Last day of cruise.I think I’ve managed to chat privately with everybody, including the very shy ones. Also gave two talks — "conversations," rather. The second one had to be postponed, for a rather interesting reason: I was preceded by a talk by the four guides, two handsome, intelligent guys and their pretty, intelligent wives, discussing Islam. The group was immensely responsive, curious, and open-minded, and it was going so well that when Bill interrupted to introduce me, I stood up and said I thought it would be a pity to stop the discussion. I would talk another time, whenever they wanted. So it went on for over an hour, and was continued next morning, on deck. One would like to think, wistfully, that a few lines of sympathy and communication have been opened. My talks were the usual — all about the books.

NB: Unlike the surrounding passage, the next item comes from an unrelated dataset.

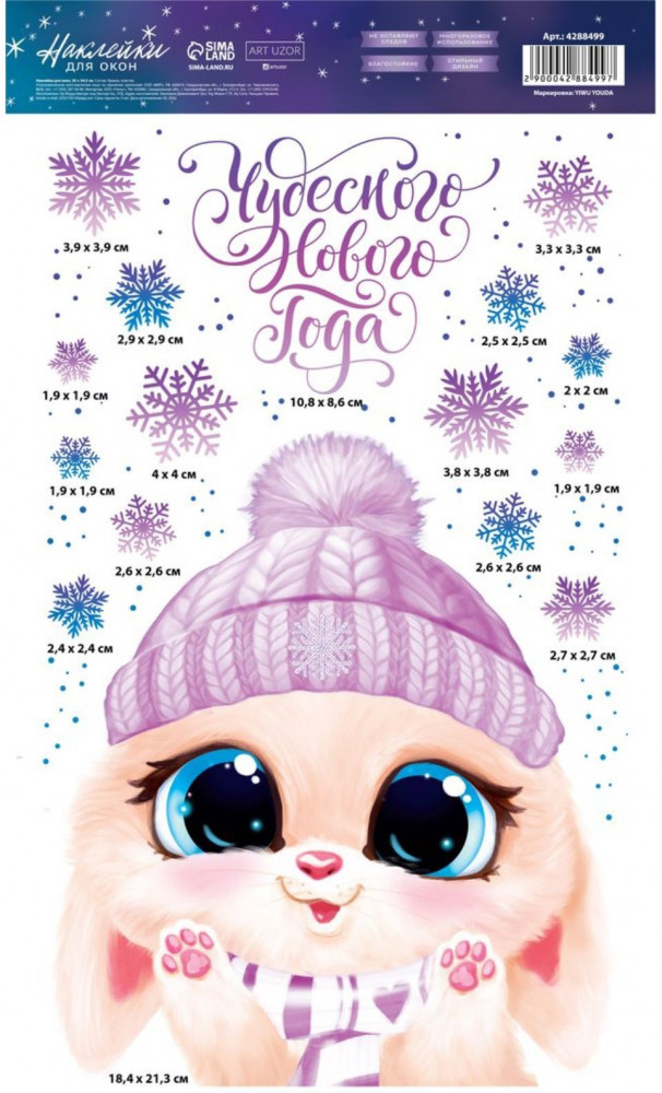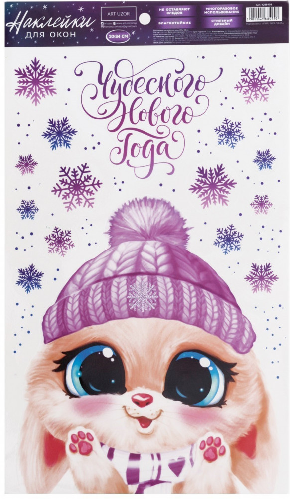 Арт Узор Набор наклеек на окно многоразовых «Зайчонок»+20

The locks at Esna are the big sticking point for boats traveling between Aswan and Luxor. Low water levels and congestion make it impossible to schedule arrivals at Luxor. We got through late at night, and were in Luxor next a.m. After some strolling and (guess what) shopping, we left for the airport to catch the ten p.m. flight. Arrived in Cairo about eleven but didn’t get out of the airport for a long time; they are very touchy about security, esp. for large groups on buses. We had to sit while they collected an escort, or swept the surrounding streets, or something. Nice room at the Nile Hilton — my usual — balcony on two sides, overlooking the river.
I was wakened next a.m. at nine-thirty by a call from Salima and made a date to meet her at the Museum after noon. Accompanied by a few chosen souls, I inspected the animal mummies room, which is Salima’s specialty, and then started looking for her office — where I had been a number of times. Could I find the damned place? Of course not. A knowledgeable guard finally set me straight, and we spent a few minutes looking at some fun things, including several of the royal mummies that are awaiting their fancy new cases, and then wandered the museum for a while looking at some of my favorites. The back entrance of the hotel is just across the street from the Museum — very handy.